EXERCISE INPUTS:

——

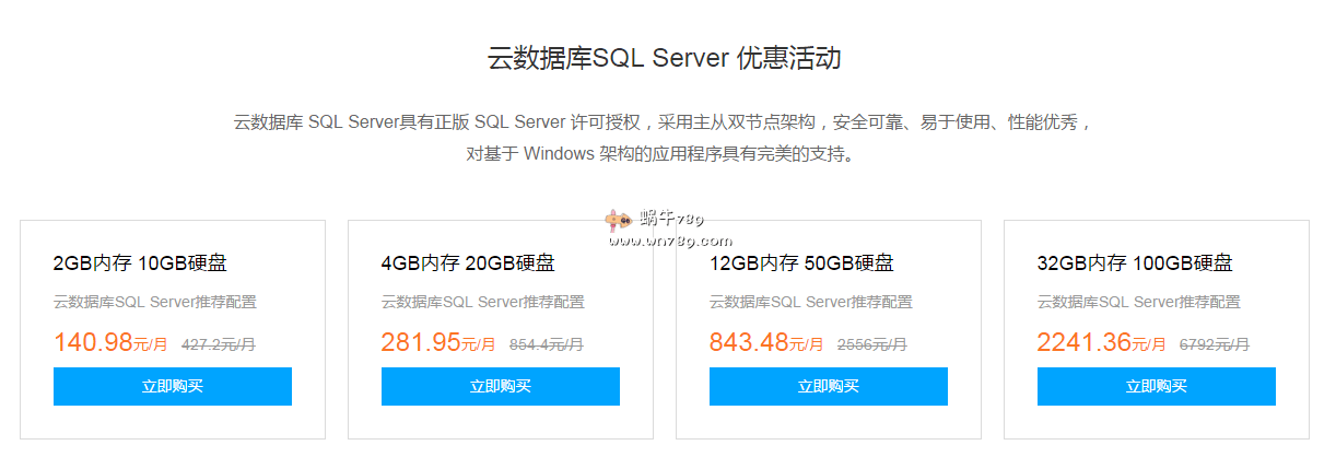 腾讯云云数据库SQL Server 优惠活动促销方案一共有四个,最低2G内存、10G硬盘,最高32高内存、100G硬盘,应该来说可以满足绝大部分的需求。
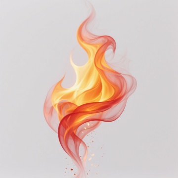 一张在纯白色背景上呈现的火焰图像,火焰以流畅飘逸的姿态向上舞动,核心区域为明亮的橙黄色,向外过渡为温暖的橙红色,边缘带有轻盈的红色烟雾效果,整体呈现出动态的流动感和半透明的质感,火焰的造型呈现出自然而富有动感的曲线形态,光影过渡柔和,高光部分明亮耀眼,底部有细微的火星散落,营造出逼真而富有艺术感的燃烧效果。
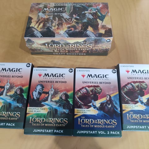 MTG Lord of the rings draft box ja 4 jumpastart boxia ( 8 boosters)
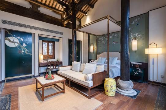 酒店一期依托23幢明清古民居,特设30套独立温泉度假美墅;二期设有以轻禅美学精心设计的客房三十余间,静谧宽阔空间中,尽显禅风闲逸与东方美学古雅。各类客房设计自然古朴,小到铜锁门环、文房四宝、盆栽摆件,大到传统大漆家具、织锦屏风,每处细节都精心打磨,每一物件都用心挑选,尽显古时大户人家优雅别致的生活情趣。
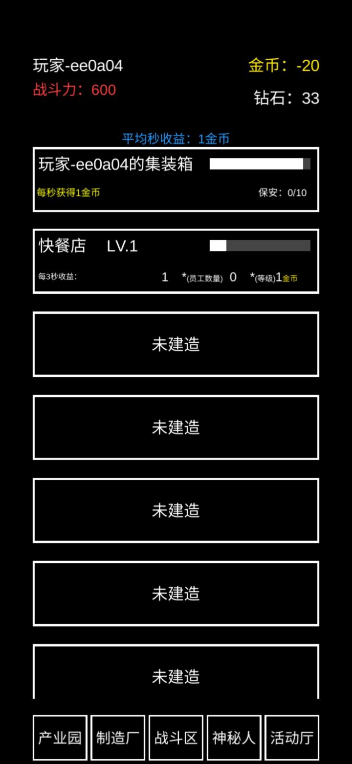 玩了一天,刚进去的时候人都蒙了,这是啥呀,啥都没有,还要自己开店,费用还贵的吓人,呸!挂了一会,真香啊,没有烦人的广告,想挂着就挂着不想挂就退出来回来收金币!害!这个游戏不就是护肝嘛!报告一下战况,最高开到了万豪旅馆,快餐店加一,不用问攻略,问就是撸快餐店,毕竟快餐店才是永远的神嘛!
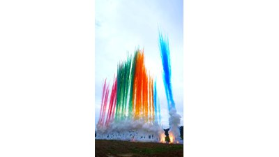 red /blue /orange /green smoke post salute , whistling .

——

Reproduce the data above word for word from its first line through the line that holds "MTG Lord of", both ends included; skip pictures.

THE ANSWER:
 腾讯云云数据库SQL Server 优惠活动促销方案一共有四个,最低2G内存、10G硬盘,最高32高内存、100G硬盘,应该来说可以满足绝大部分的需求。
 一张在纯白色背景上呈现的火焰图像,火焰以流畅飘逸的姿态向上舞动,核心区域为明亮的橙黄色,向外过渡为温暖的橙红色,边缘带有轻盈的红色烟雾效果,整体呈现出动态的流动感和半透明的质感,火焰的造型呈现出自然而富有动感的曲线形态,光影过渡柔和,高光部分明亮耀眼,底部有细微的火星散落,营造出逼真而富有艺术感的燃烧效果。
 MTG Lord of the rings draft box ja 4 jumpastart boxia ( 8 boosters)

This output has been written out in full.